Smash hurled both dragons at the other ogre, who stood gloating, and grabbed for two more. In a moment both of these were
dragging,
and the dragging dragons were hurled up to drape about the ogre.
The fifth dragon, meanwhile, had fastened its jaws on Smash's legs. They were pretty good jaws, with diamond-hard teeth; they were beginning to hurt. Smash plunged his fist down with such force that the skull caved in. He ripped the body away and hurled it, too, at the other ogre.
The smog had largely cleared, perhaps abetted by the breeze from Smash's own activity. Now an immense shadow fell across them. Smash looked up. It was the mother dragon, so huge her landbound bulk blocked off the light of the sun. Not all big dragons were confined to Dragonland! It would take a whole tribe of ogres to fend her off--and the tribe of the Ogre-Fen Ogres would certainly not do that. Smash had been tricked into this nest because the other ogre knew it would be the end of him.
But
Smash
, having cursed the darkness of his witlessness, now suffered a flashback of dull genius. "Heee!" he cried, pointing a hamfinger at the other ogre.
The dragoness looked. There stood the ogre, in midgloat, with the five limp, little dragon cubs draped around his body like so much apparel. He had been so pleased with his success in framing Smash that he had not thought to clear the debris from
himself
. The liability of the true ogre had betrayed him--his inability to concentrate on more than one thing at a time. Naturally the dragoness assumed that he was the guilty creature.

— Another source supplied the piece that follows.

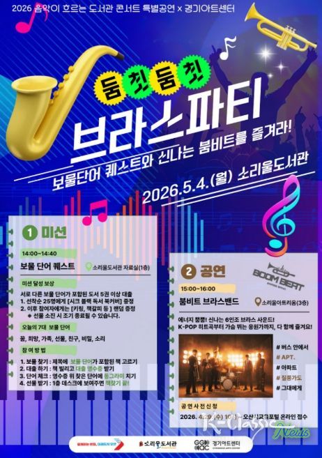 K-Classic News 기자 | 오산시 소리울도서관은 제104회 어린이날을 앞둔 오는 5월 4일 경기아트센터와 협업해 ‘2026 음악이 흐르는 도서관 콘서트’ 특별공연인 ‘둠칫둠칫 브라스 파티’를 개최한다고 밝혔다.
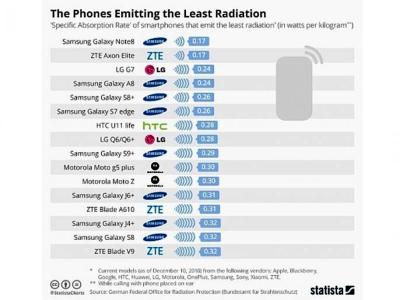 Statista द्वारा जारी किए गए रिपोर्ट के मुताबिक Xiaomi Mi A1 सबसे टॉप पर है। इसका रेडिएशन अब्जॉर्प्शन रेट (SAR) 1.74 वाट प्रति किलोग्राम है।

With a roar so horrendous that it petrified the local trees and caused a layer of rock on the cliff to shiver into dust, several diamonds to craze and crack; and a blast of fire that would have vaporized trees and cliff face, had the one not just been converted from wood to stone and the other not just powdered out, she went for the guilty ogre.
The ogre was dim, but not that dim, especially as a refracted wash of fire frizzled his fur. While the dragoness inhaled and oriented for a more accurate second shot, he flung off the little dragons and dived into the nest-pit, landing snoot-first in the diamonds. The contrast was considerable--the sheer beauty of the stones versus the sheer ugliness of the ogre. It looked as if he were trying to eat them.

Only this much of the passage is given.